OK so heres some good info that anyone expecting an accidental litter should know to keep all rats healthy.


1 ) Gestation is 21-23 days. Signs of pregnancy are gaining weight (use a food scale on regular basis), enlarged nipples, and in later 
stages you may be able to see the pups move inside her. Often females wont show signs of pregnancy until almost 21 days.

2 ) When you suspect your female is pregnant supply her with bedding materials such as paper towels, kleenex, newspaper, or nesting 
material from your local pet store. Females have a strong sense to nest and prepare for their pups. Some females will not be
interested in nesting until the day before or the day of birth.

3 ) When you suspect a litter start trying to find homes for them right away and prepare for a large litter just in case.

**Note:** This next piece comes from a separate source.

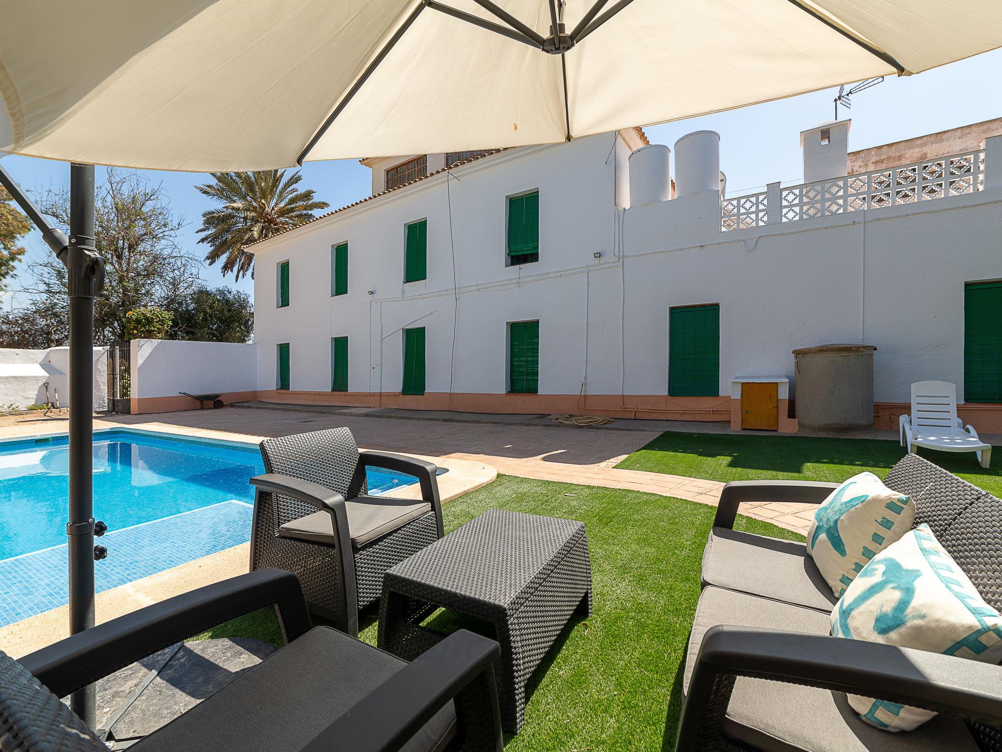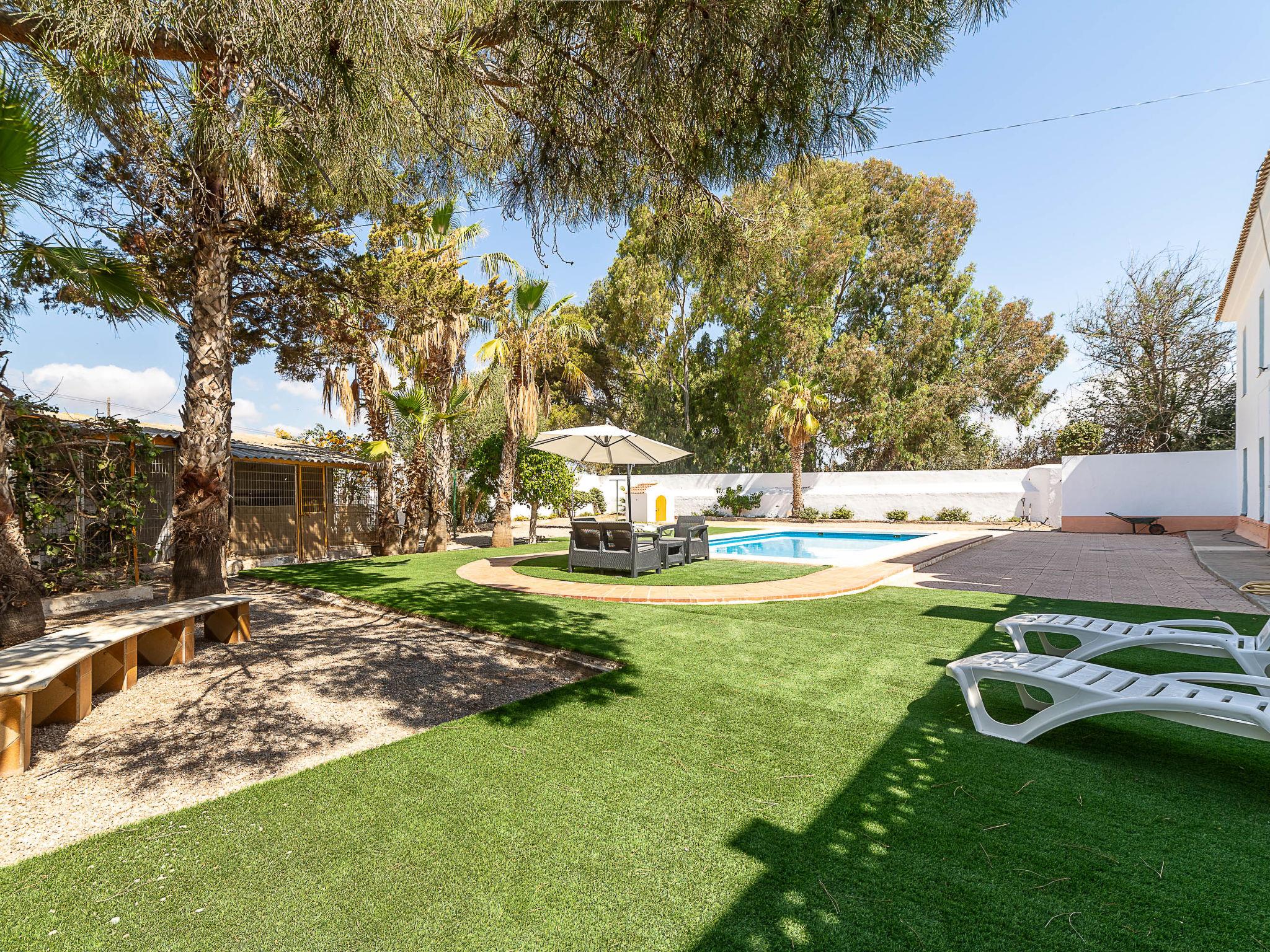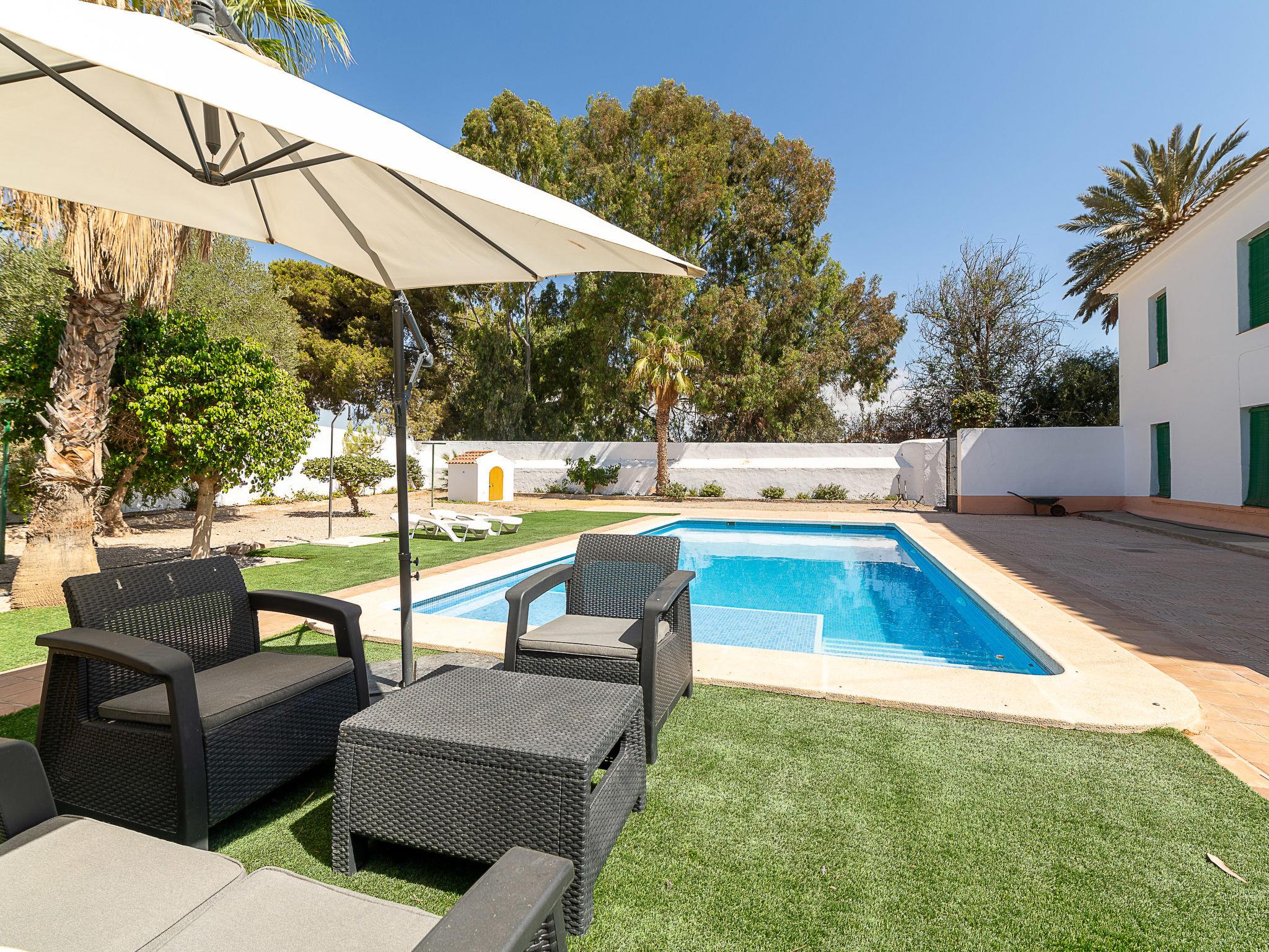 Old, historical farm estate "Hacienda Virgen de las Angustias", from the 19th century. In the district of Vera Playa, in a secluded, quiet, sunny position, 600 m from the sea, 600 m from the beach. Private: natural state property, garden (not fenced) with wildlife garden and trees, swimming pool angular (13 x 5 m, depth 120 - 165 cm, seasonal availability: 01.Jun. - 30.Sep.). Outdoor shower, arbour, terrace, garden furniture. Motor access (via unmade road). Parking (for 5 cars) at the house. Supermarket 2 km, restaurant, bar, café 600 m, bus stop 450 m, sandy beach "Quitapellejos" 600 m. Cycle lane 600 m. Nearby attractions: Almería 90 km, Cabo de Gata 90 km. Please note: car recommended. The owner does not accept any youth groups. On the estate animal husbandry.

4 ) You will want at least a 20 gallon long aquarium or equivalent. Make sure the cage or aquarium does not have openings like cage bars
the pups will be able to crawl out of while housed there. Also make sure theres no toys, shelves, perches they can fall from and
hurt themselves. Some choose to use large clear plastic containers with lids modified with holes for air for the temporary
housing of a large family.

5 ) Make sure you female is now housed alone with no other cage mates. Although some other females may help with the pups mothers 
sometimes will become aggressive toward other females. Females can become pregnant almost immediately after giving birth so males 
must also be kept separate. Its very unhealthy for females to be nursing and carrying a litter at the same time.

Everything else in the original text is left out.